Research
Graphs and Finite State Machines
We use graph structures and finite state machines (FSMs) as the foundation for modeling agent behavior, decision flow, and error recovery logic in complex environments.
By combining declarative transitions with graph traversal patterns, we enable agents to operate in predictable, auditable, and dynamic execution flows.
Why Graphs and FSMs?
While transformers generate text, they don’t inherently “know” what state they’re in or what step comes next. Graphs and FSMs fill that gap by providing:
- Deterministic execution flows
- Recovery checkpoints
- Branching logic with guards
- Transparency in decision paths
This allows us to build agents that are not only intelligent—but structured.
Key Concepts
Finite State Machines (FSM)
An FSM defines:
- A set of states (e.g.
idle
,plan
,act
,verify
) - A set of transitions with triggers
- Guards or conditions for transitions
- Optional entry/exit hooks for each state
This pattern allows an agent to move step-by-step through a controlled flow. FSMs are useful for:
- Prompt validation
- Multi-phase reasoning
- Task lifecycle control
Directed Graphs
We also model reasoning and delegation flows as directed acyclic graphs (DAGs):
Start → Plan → Research → Validate → Summarize → End
↘︎ ↘︎
Critic Fallback
This lets agents dynamically select sub-paths, run agents in parallel branches, or backtrack when needed.

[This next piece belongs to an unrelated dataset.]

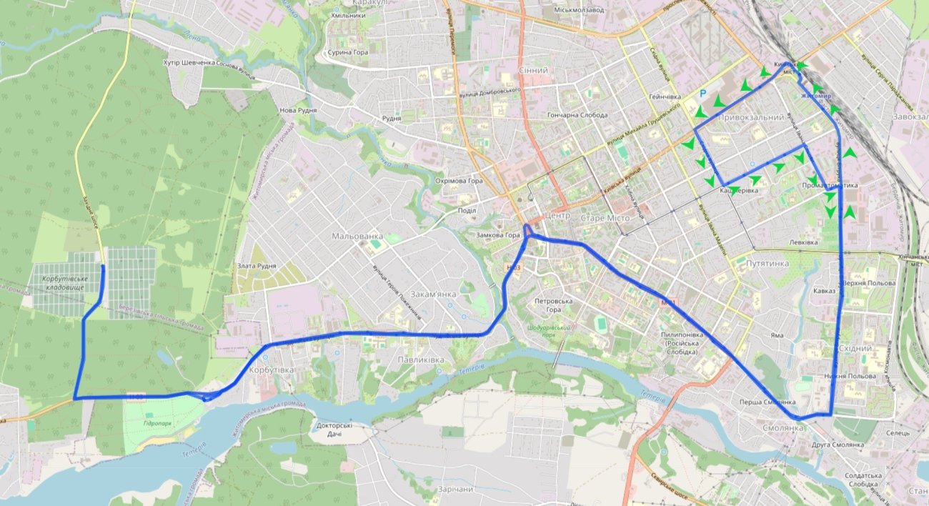 Нагадаємо, маршрут курсує через майдан Привокзальний та Автовокзал, а далі вулицями: Київська, Східна, Бориса Тена, Івана Сльоти, Вітрука, Велика Бердичівська, Леха Качинського, Чуднівська, Чуднівське та Західне шосе.

Example: Research Pipeline Graph
graph TD
A[Start] --> B[Planner]
B --> C[Researcher]
C --> D[Critic]
D --> E[Summarizer]
D --> F[Replan?]
F --> B
E --> G[Finish]
Agents use this graph to determine their next action based on internal state, message results, and success conditions.
Tools and Frameworks
We build FSMs and graphs using:
- LangGraph – Graph execution over LangChain chains
- CrewAI + state modules – For planning and delegation within fixed flows
- Custom graph compiler – Converts YAML definitions to live runtime FSMs
- Eval hooks – Trace every node and transition for monitoring
Research Goals
We're currently exploring:
- Self-modifying graphs: Agents that can restructure their own FSM based on outcomes
- Heuristic triggers: Transition conditions informed by LLM uncertainty scores
- State compression: Mapping long history chains into reusable graph checkpoints
- Hybrid FSM × reactive agents: Combining deterministic flows with reactive policies
Why It Matters
In complex systems, how decisions are made matters as much as what decisions are made. Graphs and FSMs allow us to:
- Test and simulate agent behavior
- Visualize reasoning paths
- Debug misaligned outputs
- Enforce policy and structure
They are the cognitive scaffolding that lets LLMs move from raw token generation to reliable systems reasoning.